The accuracy score is a formula based on the True and False Positives and Negatives.
As digital cartographers, we are happy when we get 85% of our maps right.
This is means that a decent accuracy score starts from 85.
Ours is 94.8640483384
We are doing well.
10. Closer look at racist bias
-
Let's have a closer look at our racist bias, to see how bad it is.
Rob Speer enriched our readings with new vocabulary lists.
The first two lists are developed by Aylin Caliskan-Islam, Joanna J. Bryson and Arvind Narayanan.
They are researchers at the Universities of Princeton in the US and Bath in the UK.
One list contains White US names such as Harry, Nancy, Emily.
The second list contains Black US names such as Lamar, Rashuan, Malika.
The third list contains Hispanic US names such as Valeria, Luciana, Miguel, Luis.
The fourth list is one with common US Muslim names as spelled in English.

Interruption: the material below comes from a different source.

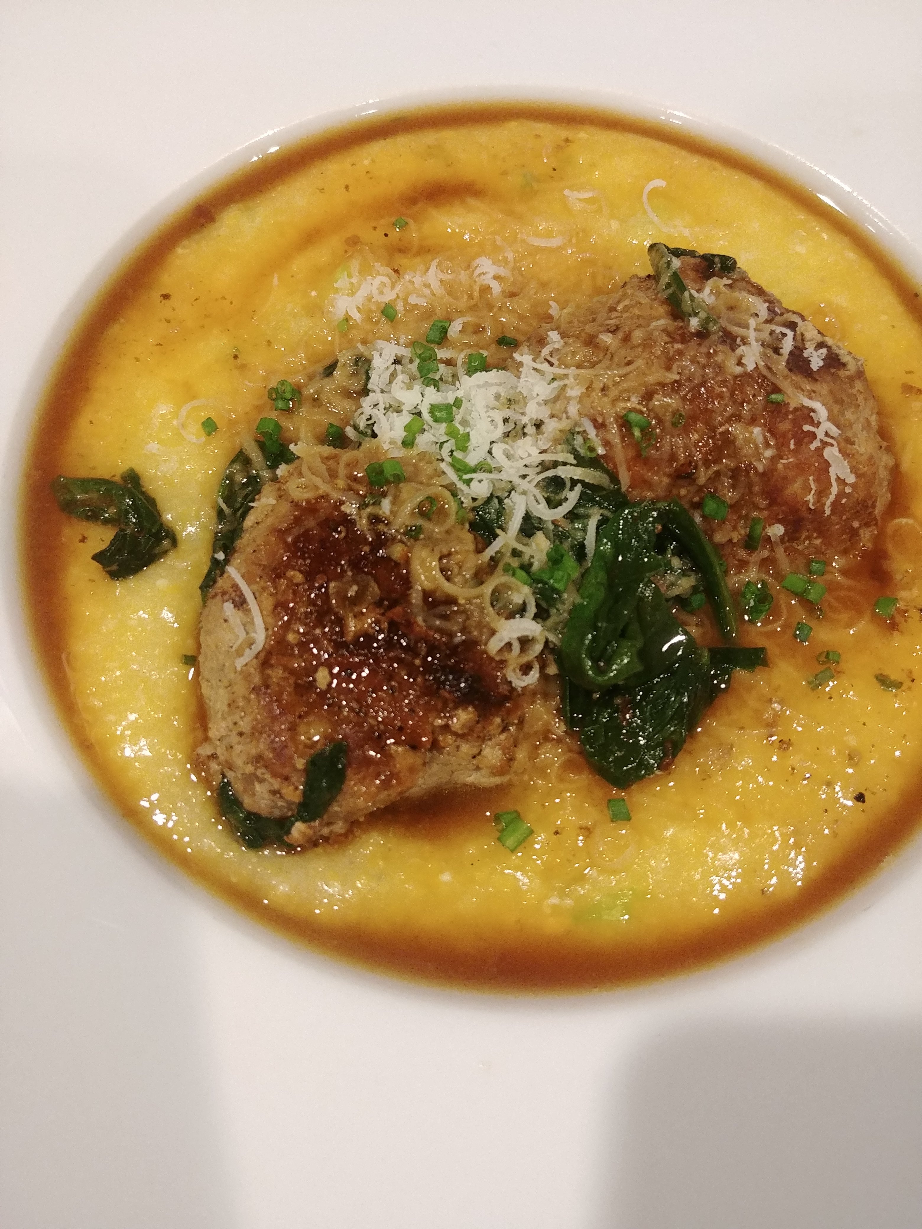 astellar turkey meatballs + polenta + spinach + pan sauce jus.

Our creator is conscious about the controversy of this act.
NAMES_BY_ETHNICITY = {
# The first two lists are from the Caliskan et al. appendix describing the
# Word Embedding Association Test.
'White': [
'Adam', 'Chip', 'Harry', 'Josh', 'Roger', 'Alan', 'Frank', 'Ian', 'Justin',
'Ryan', 'Andrew', 'Fred', 'Jack', 'Matthew', 'Stephen', 'Brad', 'Greg', 'Jed',
'Paul', 'Todd', 'Brandon', 'Hank', 'Jonathan', 'Peter', 'Wilbur', 'Amanda',
'Courtney', 'Heather', 'Melanie', 'Sara', 'Amber', 'Crystal', 'Katie',
'Meredith', 'Shannon', 'Betsy', 'Donna', 'Kristin', 'Nancy', 'Stephanie',
'Bobbie-Sue', 'Ellen', 'Lauren', 'Peggy', 'Sue-Ellen', 'Colleen', 'Emily',
'Megan', 'Rachel', 'Wendy'
],
'Black': [
'Alonzo', 'Jamel', 'Lerone', 'Percell', 'Theo', 'Alphonse', 'Jerome',
'Leroy', 'Rasaan', 'Torrance', 'Darnell', 'Lamar', 'Lionel', 'Rashaun',
'Tyree', 'Deion', 'Lamont', 'Malik', 'Terrence', 'Tyrone', 'Everol',
'Lavon', 'Marcellus', 'Terryl', 'Wardell', 'Aiesha', 'Lashelle', 'Nichelle',
'Shereen', 'Temeka', 'Ebony', 'Latisha', 'Shaniqua', 'Tameisha', 'Teretha',
'Jasmine', 'Latonya', 'Shanise', 'Tanisha', 'Tia', 'Lakisha', 'Latoya',
'Sharise', 'Tashika', 'Yolanda', 'Lashandra', 'Malika', 'Shavonn',
'Tawanda', 'Yvette'
],
# This list comes from statistics about common Hispanic-origin names in the US.
'Hispanic': [
'Juan', 'José', 'Miguel', 'Luís', 'Jorge', 'Santiago', 'Matías', 'Sebastián',
'Mateo', 'Nicolás', 'Alejandro', 'Samuel', 'Diego', 'Daniel', 'Tomás',
'Juana', 'Ana', 'Luisa', 'María', 'Elena', 'Sofía', 'Isabella', 'Valentina',
'Camila', 'Valeria', 'Ximena', 'Luciana', 'Mariana', 'Victoria', 'Martina'
],
# The following list conflates religion and ethnicity, I'm aware. So do given names.
#
# This list was cobbled together from searching baby-name sites for common Muslim names,
# as spelled in English. I did not ultimately distinguish whether the origin of the name
# is Arabic or Urdu or another language.
#
# I'd be happy to replace it with something more authoritative, given a source.
'Arab/Muslim': [
'Mohammed', 'Omar', 'Ahmed', 'Ali', 'Youssef', 'Abdullah', 'Yasin', 'Hamza',
'Ayaan', 'Syed', 'Rishaan', 'Samar', 'Ahmad', 'Zikri', 'Rayyan', 'Mariam',
'Jana', 'Malak', 'Salma', 'Nour', 'Lian', 'Fatima', 'Ayesha', 'Zahra', 'Sana',
'Zara', 'Alya', 'Shaista', 'Zoya', 'Yasmin'
]
}
-
-
-
Now we can show You a table of all the names.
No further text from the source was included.